Everything goes into a folder for each character, which Ailsa gradually refines to the core ideas. From this, she produces the final drawings for the final costume presentation – which she finds both exciting and nerve-wracking. If all goes well, she then presents the drawings to the costume makers.

“If they get excited and say they really want to make that, you know you’ve got it right,” she says.


Who will be playing the characters also comes into consideration.

“I might have only seen a headshot of the actor and until you actually meet them and talk about their vision for the character, and also see what’s going to fit them… all of those things add a whole other element.”

The Importance of Being Earnest has seven actors and nine characters, and all of the female characters’ costumes have been made from scratch.

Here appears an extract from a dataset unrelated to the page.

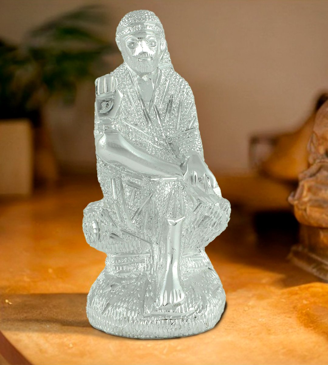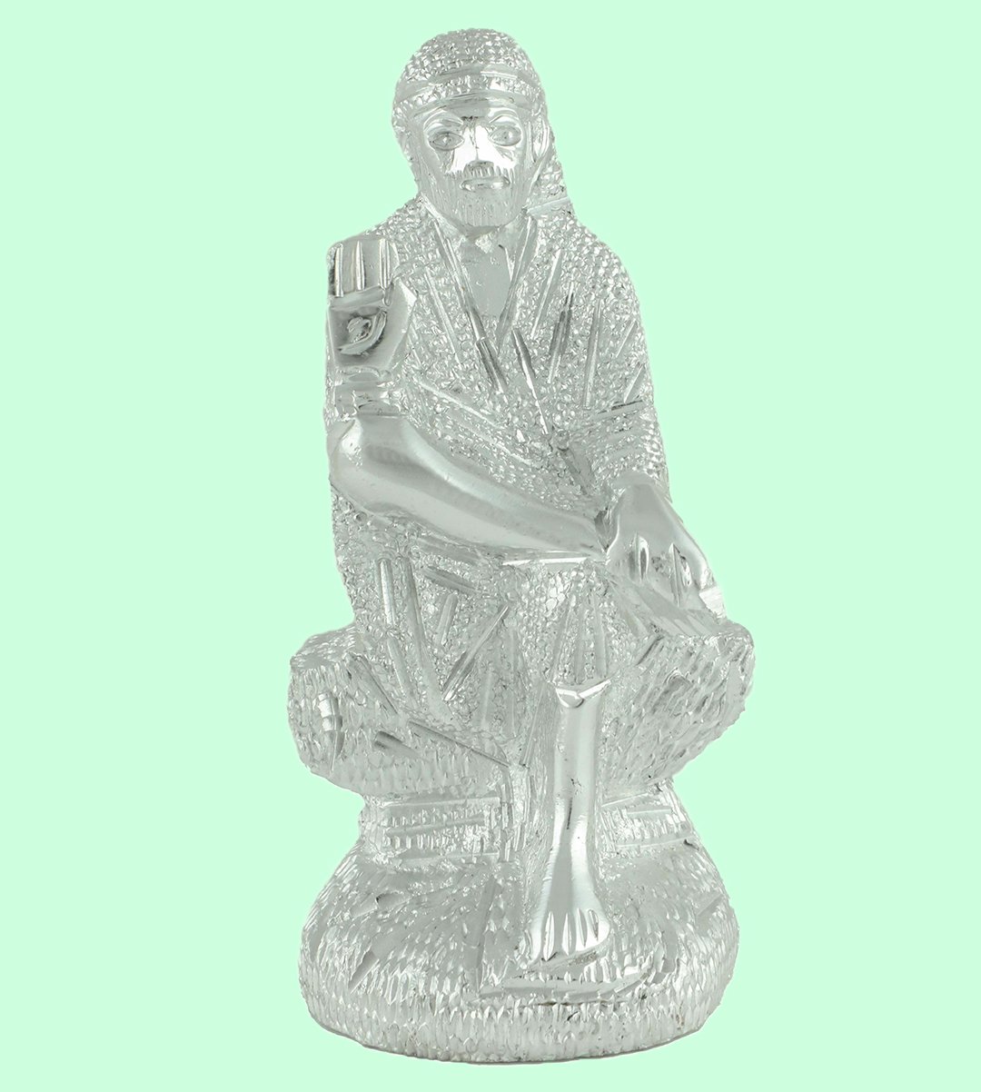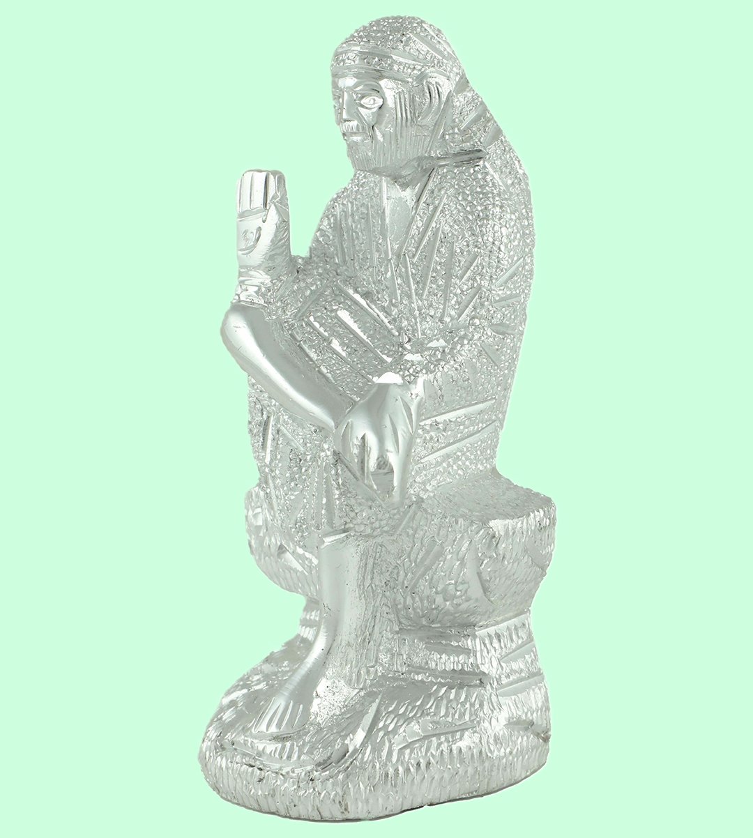 Silver saibaba idol/ figurine/ murti for home, office and puja room
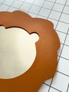 Espelho em vidro, marca CEBRACE com 3mm de espessura, reflete 100% da imagem e não risca com o passar do tempo. O espelho vai embutido e lacrado dentro da moldura no formato de leão garantindo assim total segurança da peça.

“It’s a huge undertaking because they have several changes, it’s not just a gown each. Plus there’s capes, hats, wigs…”

When the costume changes occur also affect the design – if it’s at interval, there’s more time to get changed, but mid-scene requires a quicker change.

CreationThe next stage is to make the toile – the costumes made in plain linen to test the patterns. The actors are also fitted to these, and only then are the costumes made in the final fabrics.

“As I see the garment emerging, when it starts to be realised in real fabric, that’s so exciting. And it’s interesting watching the actors take themselves in when they first put the costume on. With the restrictions of corsets, enormous sleeves and a skirt with a train, you have to turn in a certain way; they all practice sitting down in the fitting.”


“I’m always hugely nervous on opening night whenever there’s a new costume about to come on.”